The Year When Stardust Fell is a science fiction novel written by Raymond F. Jones.  It was initially published in 1958 by the John C. Winston Company.

This is one of the thirty-five juvenile novels that comprise the Winston Science Fiction set, which novels were published in the 1950s for a readership of teen-aged boys.  The typical protagonist in these books was a boy in his late teens who was proficient in the art of electronics, a hobby that was easily available to the readers.  In this story, as in Son of the Stars, the protagonist has a ham radio and a small observatory with a telescope he built himself.

Synopsis
The menace in this story consists of dust from the tail of a comet.  It consists of a colloid, analogous to smoke, that incorporates an unknown transuranic element.  That element has a great affinity for metal surfaces and it weakens their surface tension, thereby enabling rapidly moving parts to cold weld themselves into solid rigidity.

Plot
In the town of Mayfield high-school senior Ken Maddox is among the people fascinated by a giant comet whose path is just grazing Earth's orbit.  For the next four months Earth will float within the comet's tail and on the first night of that sojourn Ken's car and others begin to have problems with overheating.  The next day almost all of the cars in Mayfield and other cities across the country have overheated and then refused to start.  Soon all machinery is seizing up, its moving parts cold welded to each other.  Because the effect is happening all over the world, people begin blaming the comet.

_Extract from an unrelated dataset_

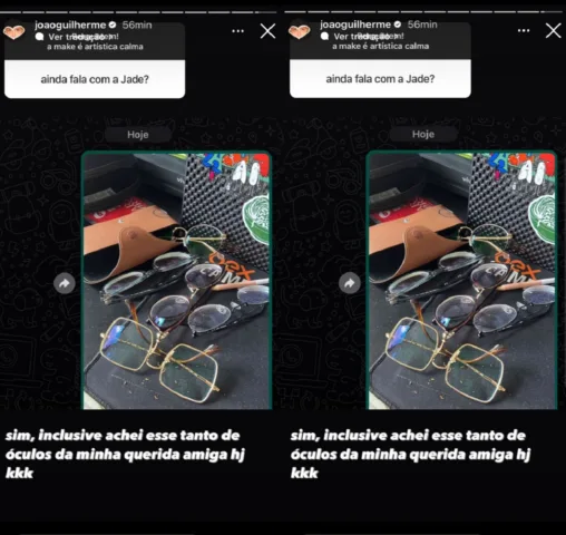 ”Ainda fala com a Jade?”, quis saber o internauta. João então publicou um print em que mandou foto de óculos da atriz para a própria e ainda escreveu: ”Sim, inclusive achei esse tanto de óculos da minha querida amiga hoje kkk”.
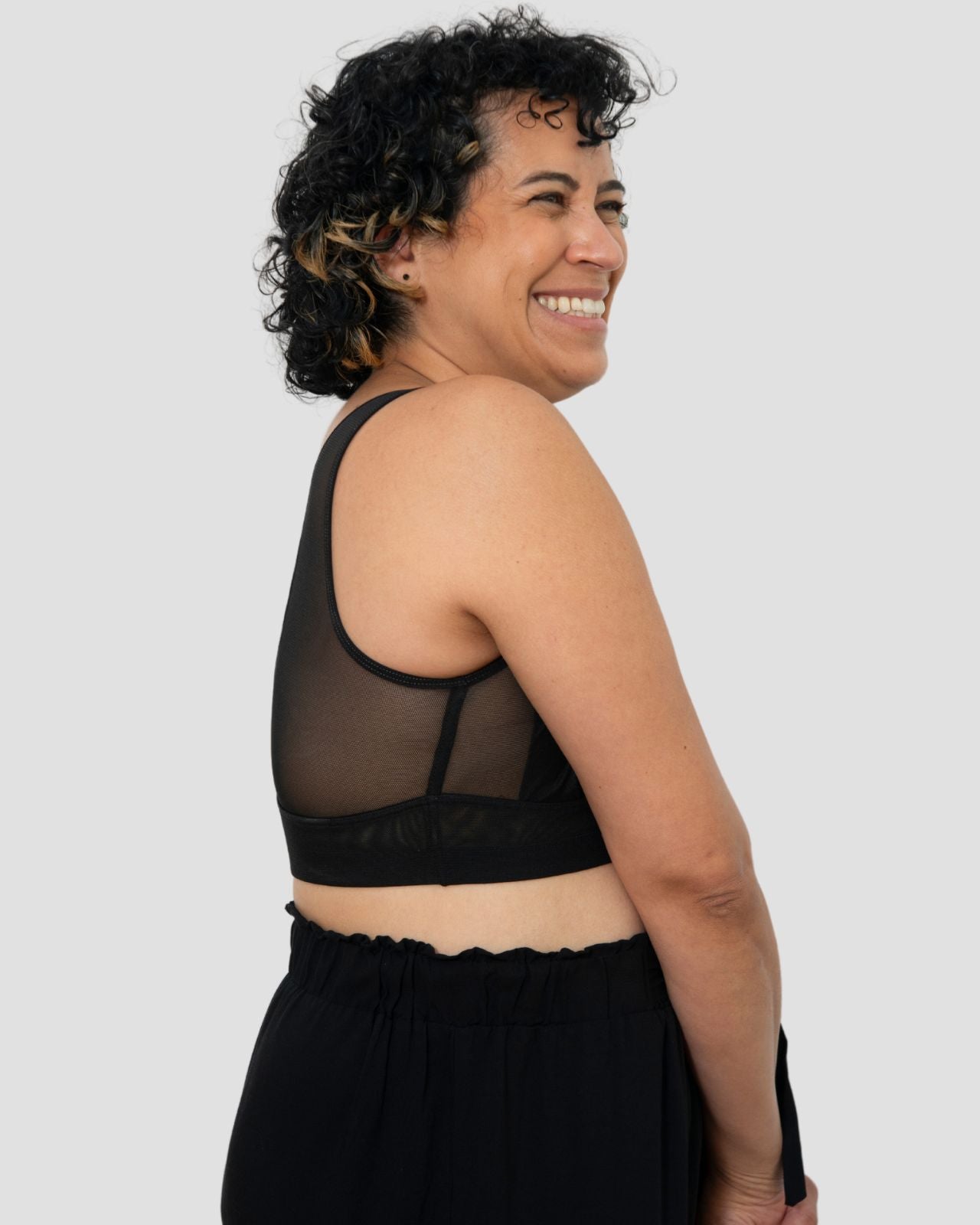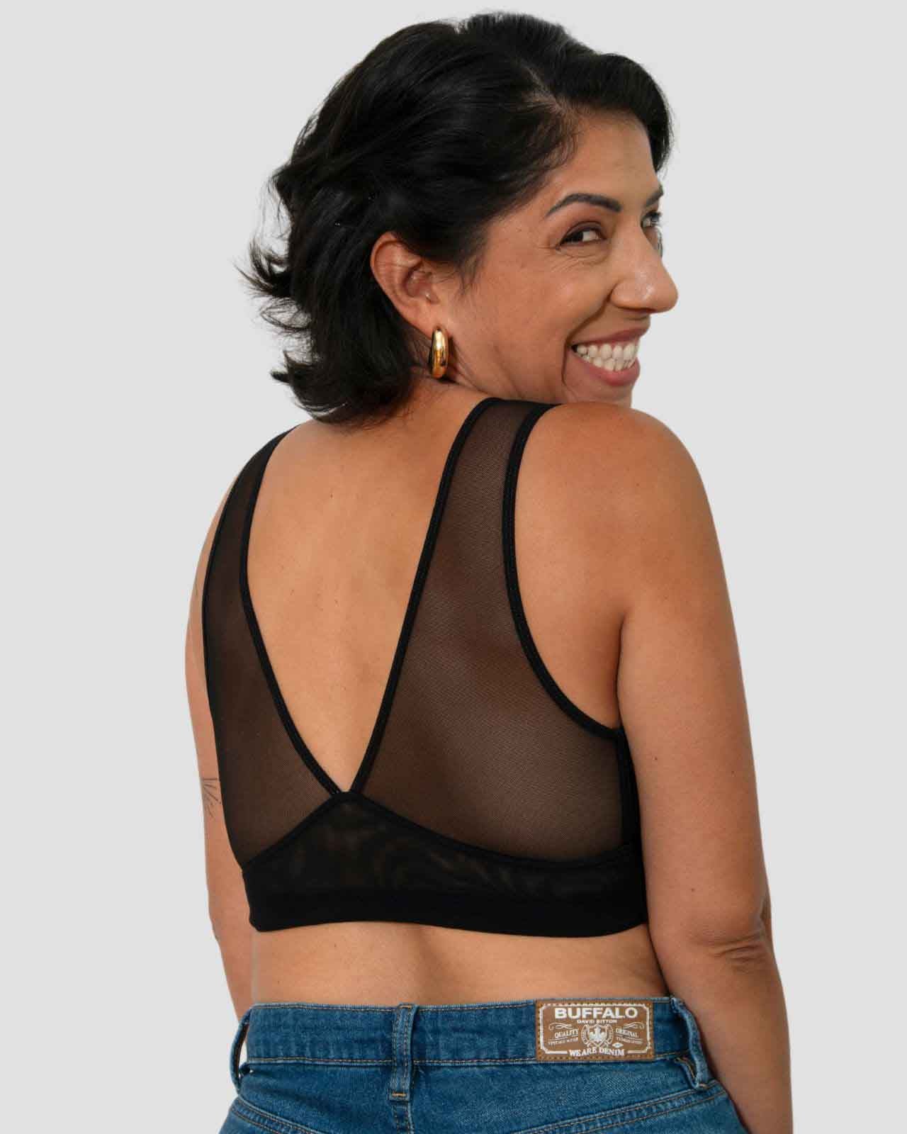 Black / Mastectomy & pocketed mesh babydoll lingerie with mesh detail and criss cross tie back side and view Black / Mastectomy & pocketed mesh babydoll lingerie with mesh detail and criss cross tie back side and view

As the disaster becomes progressively more serious, Ken and his friends in the high school's science club prepare to study samples of the fused metal at the local college, where Ken's father teaches chemistry, and to try to get a sample of what the comet is putting into Earth's atmosphere.  While they work, Mayfield is cut off from the outside world and the mayor and the sheriff impose rationing against the anticipated shortages.

After a short stint in a wood-cutting crew bringing in fuel for the coming winter, Ken is called to assist in the work at the college.  Along with his friends and the other scientists, he helps with experiments aimed at identifying the cause of the cold-welding phenomenon.  A spectroscopic look through a telescope, compared to spectrograms of the affected metals confirms that the comet is the source of the trouble.  At the same time Ken and his friends make contact with several ham radio operators around the country, intending to share information.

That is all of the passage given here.